*** TASK INPUTS ***

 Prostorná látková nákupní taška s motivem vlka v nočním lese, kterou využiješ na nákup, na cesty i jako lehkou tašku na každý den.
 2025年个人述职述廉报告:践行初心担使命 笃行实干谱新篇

***
*** TASK INPUTS ***

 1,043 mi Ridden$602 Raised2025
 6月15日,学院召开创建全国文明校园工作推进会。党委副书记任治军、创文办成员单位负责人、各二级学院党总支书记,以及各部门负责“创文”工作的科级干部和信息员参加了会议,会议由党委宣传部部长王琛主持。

***

ACTIVITY: Among the lines above, repeat exactly those from the line with "Prostorná látková nákupní" to the line with "2025年个人述职述廉报告:践行初心担使命 笃行实干谱新篇", counting both ends.

RESPONSE TO THIS EXERCISE:
 Prostorná látková nákupní taška s motivem vlka v nočním lese, kterou využiješ na nákup, na cesty i jako lehkou tašku na každý den.
 2025年个人述职述廉报告:践行初心担使命 笃行实干谱新篇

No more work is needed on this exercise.